Literature Module

A module for searching and processing scientific literature from PubMed and arXiv, with functionality to download papers, extract content, and analyze metadata. There are various methods to extract information from papers. Currently we are reliant on the OpenAlex API for paper metadata. I would love to be able to use Pubmed API but currently I cannot get an API key.

Classes Overview

  • LitSearch: Search for papers across scientific databases
  • Paper: Download and process individual papers, extracting text, figures, and tables

LitSearch

The LitSearch class provides methods to search PubMed and arXiv databases.

Usage

from benchmate.literature.literature import LitSearch

# Initialize searcher (optional PubMed API key)
searcher = LitSearch(pubmed_api_key="your_api_key")  # API key optional

# Search PubMed
pubmed_ids = searcher.search(
    query="BRCA1 breast cancer",
    database="pubmed",
    results="id",     # Return PMIDs
    max_results=1000  # Max number of results to return
)

# Search with DOIs
dois = searcher.search(
    query="BRCA1 breast cancer", 
    database="pubmed",
    results="doi"     # Return DOIs instead of PMIDs
)

# Search arXiv
arxiv_ids = searcher.search(
    query="machine learning genomics",
    database="arxiv"
)

This search only returns the paper ids. You can sort your results by relevance or publication date. For other more advanced search you can pass them as free text into the query parameter.

Paper

The Paper class handles downloading and processing individual papers. All the paper information is stored in a python dataclass under the paper.info attribute.

Usage

from benchmate.literature.literature import Paper

# Initialize from PubMed ID
paper = Paper(
    paper_id="12345678",
    id_type="pubmed",
    citations=True,      # Get citation data
    references=True,     # Get reference data
    related_works=True   # Get related papers
)

# Initialize from arXiv ID 
paper = Paper(
    paper_id="2101.12345",
    id_type="arxiv"
)

# Initialize from local PDF file
paper = Paper(
    paper_id=None,
    filepath="/path/to/paper.pdf"
)

# If you use an arxiv or pubmed id the abstract and the paper title will be automatically extracted
print(paper.info.title)
print(paper.info.abstract)

# you can additional information about the paper via openalex

paper.search_info()
paper.get_references()
paper.get_cited_by()
paper.get_related_works()

These methods will modify the paper class in place. The paper_info dataclass stores all the relevant information about the paper. about the paper. Openalex provides a lot of information, including whether a paper is available via open access. If this is the case there will be a link to the PDF that is stored in the paper.info.pdf_link attribute.

To download the PDF to a location of your choice, you can use the download_pdf method.

paper.download(destination="/path/to/destination")

After the PDF is downloaded you can process the paper using the process method. This will extract the full text, figures, and tables from the PDF. The PDF is processed page by page and the text is extracted using tessaract. The figures and tables are converted to pillow.PIL.Image objects. These images are then interpreted individually using a vision language model to provide free text context.

The embeddings for the whole abstract are generated a model of your choosing. The whole text of the paper is semantically chunked into different bits, and these are also passed to the embedding model.

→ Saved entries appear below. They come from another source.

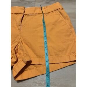 These J Crew women's shorts in size 6 are a vibrant orange color, perfect for brightening up your summer wardrobe. Made from a stretch chino fabric blend of cotton and spandex, these classic shorts feature a flat front, zip closure, and mid-rise fit. Ideal for travel, activewear, or casual occasions, these stylish shorts also have a slash pocket design and are machine washable for easy care. Whether you're looking for a pop of color or a versatile piece for your active lifestyle, these J Crew shorts are a must-have addition to your closet.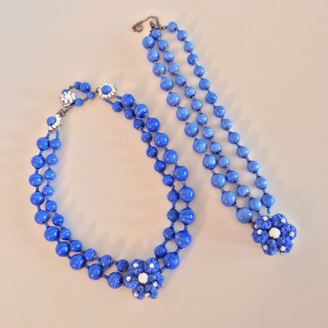 MIRIAM HASKELL by designer Bob Clarke medium blue 2-strand necklace and 3-strand bracelet, both with white glass bead accents. The necklace 15-1/4″ and the bracelet is 7″, and it has it’s safety chain. Each bead is lamp blown and hand made, so special. The beads in the necklace are a tad bit darker than the ones … Continue reading “MIRIAM HASKELL by Bob Clarke medium blue necklace and bracelet”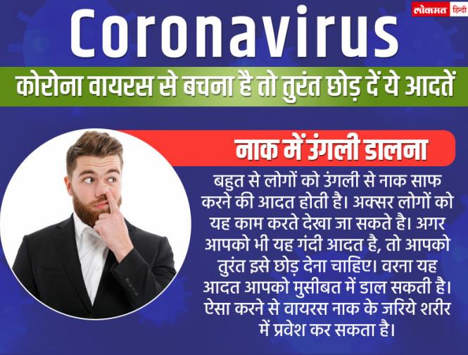 बहुत से लोगों को उंगली से नाक साफ करने की आदत होती है। अक्सर लोगों को यह काम करते देखा जा सकते है। अगर आपको भी यह गंदी आदत है, तो आपको तुरंत इसे छोड़ देना चाहिए। वरना यह आदत आपको मुसीबत में डाल सकती है। ऐसा करने से वायरस नाक के जरिये शरीर में प्रवेश कर सकता है।

The embeddings for the images and their VL model interpretations are also generated. This provides very extensive processing of the paper for a lot of different search and comparison options. These will be used in the knowledgebase module.

all of this can be done in one line of code.

paper.process(filepath="/path/to/paper.pdf", embed_images=True, embed_text=True, 
              embed_interatations=True, **kwargs)

Keep in mind that all you need is an id and where that id comes from (Pubmed or arxiv). Any of the ids that are returned from the APIs module are immediately usable as a paper class instance.

Additionally, references, cited_by, and related works themselves are also a simple list of paper class instances. All the methods above can be used on these lists as well.

Next Steps

Within the literature.utils module there are a couple of functions to determine whether a paper is relevant to a given project. These will likely move to the project module in the future. The process function is very computationally expensive this means we want to be conservative about which papers we process. We will be providing more instructions and documentation about this in the project metaclass documentation.